Q. And, of course, if that person had then stopped movement, they are unconscious, they could present to an individual as apparently dead at that point in time
A. It depends what that person's training is, what his experience is. It is a judgment of death. Dying/death can be a difficult thing. So certainly to a lay person, yes, this person may be unconscious, they might be limp and might not be breathing.

And also the following (164.30-165.5T):

HIS HONOUR: Gentlemen, I would like to ask a few questions and, obviously, if you think what I am asking is irrelevant or otherwise objectionable it is your duty to me and your clients to object.
Q. Just before you mentioned unconsciousness and you agreed with Mr Russell that a lay person - I will say, is the effect of your answer - could be mistaken about the state of the person who has lapsed into unconsciousness?
A. Yes.
Q. Would not a person who was unconscious and alive still be breathing to some extent?
A. I think we don't honestly [know] the answer to that.
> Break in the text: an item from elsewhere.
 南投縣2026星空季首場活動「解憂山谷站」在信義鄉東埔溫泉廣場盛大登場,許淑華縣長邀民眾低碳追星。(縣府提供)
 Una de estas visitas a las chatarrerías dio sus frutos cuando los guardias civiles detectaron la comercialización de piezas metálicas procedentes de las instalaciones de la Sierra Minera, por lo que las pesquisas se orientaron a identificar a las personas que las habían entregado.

I think if this person would otherwise have come to, then, yes, one would think he would have to be breathing, or start breathing very soon afterwards, otherwise he would not have come to. If we accept that the head injuries were sustained after the partial hanging scenario, the neuropathological evidence suggests a survival period of, I think Dr Buckland said, of half an hour
Q. I think you said 35 minutes?
A. Yes, around half an hour, which suggests to me, had that been the case, then of course he must have been breathing at some stage, not necessarily right away, but he would have started breathing thereafter fairly rapidly, one would think.
  1. Of course in evidence Dr Buckland moved well away from the figure of 35 minutes.
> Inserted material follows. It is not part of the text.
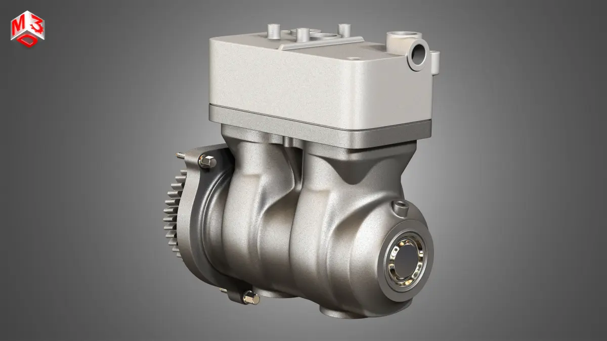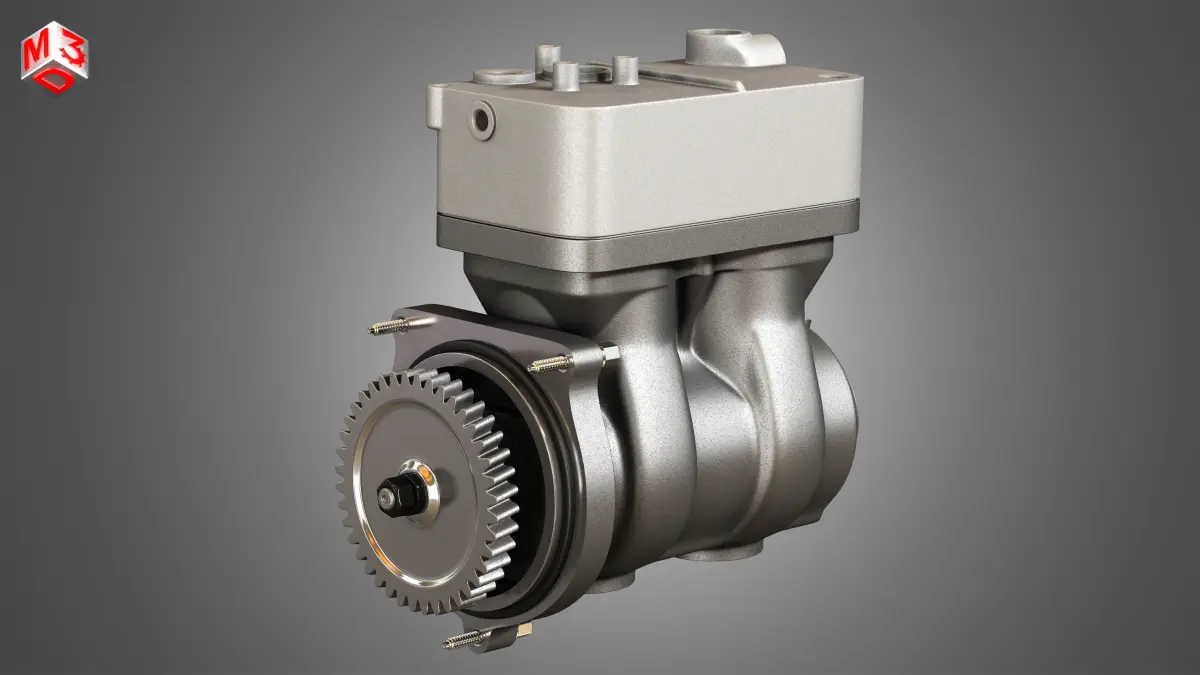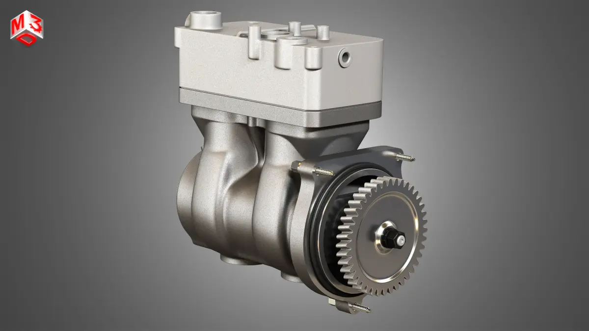Air Brake Compressor - Two Piston - Volvo D13 Diesel Engine

  1. Under cross examination, Dr. Buckland gave evidence along similar lines (176.50-177.15T):

Q. Of course and what you are saying is you are not in any way discounting the scenario where a person may be in fact unconscious, not dead but unconscious, presenting as dead, with me, presenting as dead, then receive an injury which may not cause immediate death. That situation can occur?
A. That situation could occur, yes.
Q. I think I asked you some questions when you gave some evidence at the committal proceedings into this matter I think you gave them by video link, correct?
A. That is correct.
Q. Although it is not strictly your area of expertise you have of course studied general medicine, correct?
A. Yes I have a medical degree, yes.
Q. And you said depending on circumstances that may present to an individual at the time it may be very difficult for a person to determine whether an unconscious person is in fact alive or not?
A. It can be, yes.
  1. Naturally, the reasonable person in the position of the accused is not to be imbued with the expert knowledge of specialist medical practitioners, but this evidence, notwithstanding Associate Professor Orde's qualification that the unconscious person may resume breathing after the compression has been released from the neck, is relevant to deciding the question. Just when the person would resume breathing after compression of the neck is released is not by any means clear. Moreover, the accused says he checked for a pulse and found none. I accept the deceased was then alive. But I am not satisfied beyond reasonable doubt that a reasonable person in the position of the accused without medical or paramedical training would have appreciated that the person was not dead, but merely unconscious, especially if he did not seem to be breathing, and no pulse was evident to an accused who checked for it.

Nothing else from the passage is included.